I've been doing some JavaScript for fun again. This time I tried my hand at drawing the Dragon curve - a neat fractal that consists of one line traveling across the plane, never crossing itself, and creating an interesting shape in the process.
There's several ways to go about generating the Dragon curve; for instance, one could apparently figure out the current turning direction as a function of the number of the turn. What I found easiest was one of the recursive approaches: For a dragon curve of "order" n, create two dragon curves of order n-1, then rotate one around the end point of the other. (A dragon curve of order 0 is just a line segment.)
I'm using three classes here (can you call them that in JS?): One for the Dragon itself, one for points, and one for "polylines", which are basically wrappers for an array of points.

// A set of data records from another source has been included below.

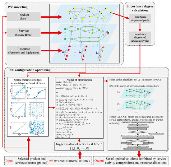 The framework of this fine-grained configuration optimization of the product-oriented PSS is shown in Figure 1. A PSS model is constructed based on a three-layer network, which contains product and services selected by the customer, and the resources in the system. A node in every layer (product layer, service layer, resource layer) of the multilayer network respectively represents an element (product, service, resource). The relationships between homogeneous elements in a layer and the relationships between heterogeneous elements in different layers are represented as edges. With appropriate decomposition, PSS can be clearly described by the proposed multilayer network. Elements and relationships in PSS can be expressed by connection matrixes, which make the description of the mathematical model and realization of optimization more convenient. By using this PSS multilayer network model, the importance degrees of service activities are analyzed based on the attributes of the multilayer network. A mathematical model based on the connection matrixes is constructed to express the objectives and constraints of PSS configuration optimization, and the corresponding solution algorithm is proposed to solve the mathematical model of optimization.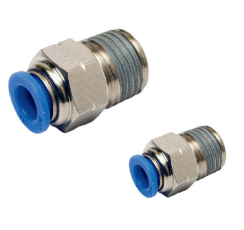 Conexão linear com rosca macho: Permite ligação direta com componentes fêmea, garantindo firmeza e vedação.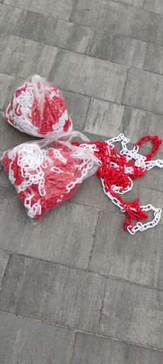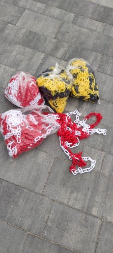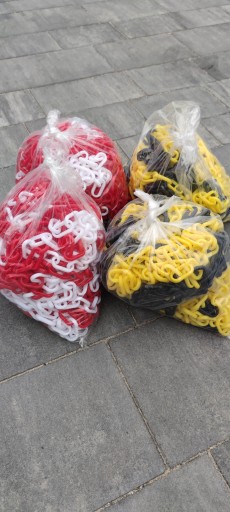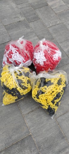 Łańcuchy plastikowe na bębnie wykonane zostały z wysokiej jakości polietylenu (PE) dzięki czemu odporne są na zmienne warunki atmosferyczne, można je łączyć ze słupkami oraz pachołkami.

Aside from the always-welcome general feedback, what I'd like to know is this:
- Am I doing JavaScript OOP right? For my Markov text generator, I've made the main function act as a kind of constructor and then added methods by modifying the
prototype
object. This time my functions just directly return an object with the necessary attributes. I'm not sure how these two approaches differ, if at all. - Although the code seems reasonably fast for orders less than about 16, can you recommend any best practices on how to improve the performance?
function Point(x, y) {
return {
x: x,
y: y,
rotateAround: function(p) {
var dx = p.x - this.x;
var dy = p.y - this.y;
this.x = p.x + dy;
this.y = p.y - dx;
}
};
}
function Polyline(points) {
return {
points: points,
getLastPoint: function() {
return this.points[this.points.length - 1];
},
rotateAround: function(p) {
for (var i = 0; i < this.points.length; i++) {
this.points[i].rotateAround(p);
}
},
removeLastPoint: function() {
this.points.splice(-1, 1);
},
reverse: function() {
this.points.reverse();
},
append: function(polyline) {
this.points = this.points.concat(polyline.points);
},
draw: function(ctx) {
ctx.beginPath();
for (var i = 0; i < this.points.length - 1; i++) {
ctx.lineTo(this.points[i + 1].x, this.points[i + 1].y);
}
ctx.stroke();
}
};
}
function DragonCurve(x, y, lineLength, order) {
if (order === 0) {
var points = [];
points[0] = new Point(x, y);
points[1] = new Point(x + lineLength, y);
polyline = new Polyline(points);
} else {
var predecessor = new DragonCurve(x, y, lineLength, order - 1);
polyline = clone(predecessor.polyline);
var toAppend = clone(polyline);
toAppend.rotateAround(polyline.getLastPoint());
toAppend.removeLastPoint(); // the rotation point occurs in both polylines
toAppend.reverse(); // ensure lines are drawn in the correct order
polyline.append(toAppend);
}
return {
polyline: polyline,
draw: function(ctx) {
ctx.moveTo(this.x, this.y);
polyline.draw(ctx);
}
};
}
function clone(obj) { // from http://stackoverflow.com/a/122190/3972493
if (obj === null || typeof(obj) !== 'object') {
return obj;
}
var temp = obj.constructor();
for (var key in obj) {
if (obj.hasOwnProperty(key)) {
temp[key] = clone(obj[key]);
}
}
return temp;
}
And here's how it might be used:
<canvas style="border: 1px solid gray;" id="my-canvas" width="800" height="600"></canvas>
<script type="text/javascript" src="DragonCurve.js"></script>
<script type="text/javascript">
var ctx = document.getElementById('my-canvas').getContext('2d');
var curve = new DragonCurve(185, 200, 2, 16);
curve.draw(ctx);
</script>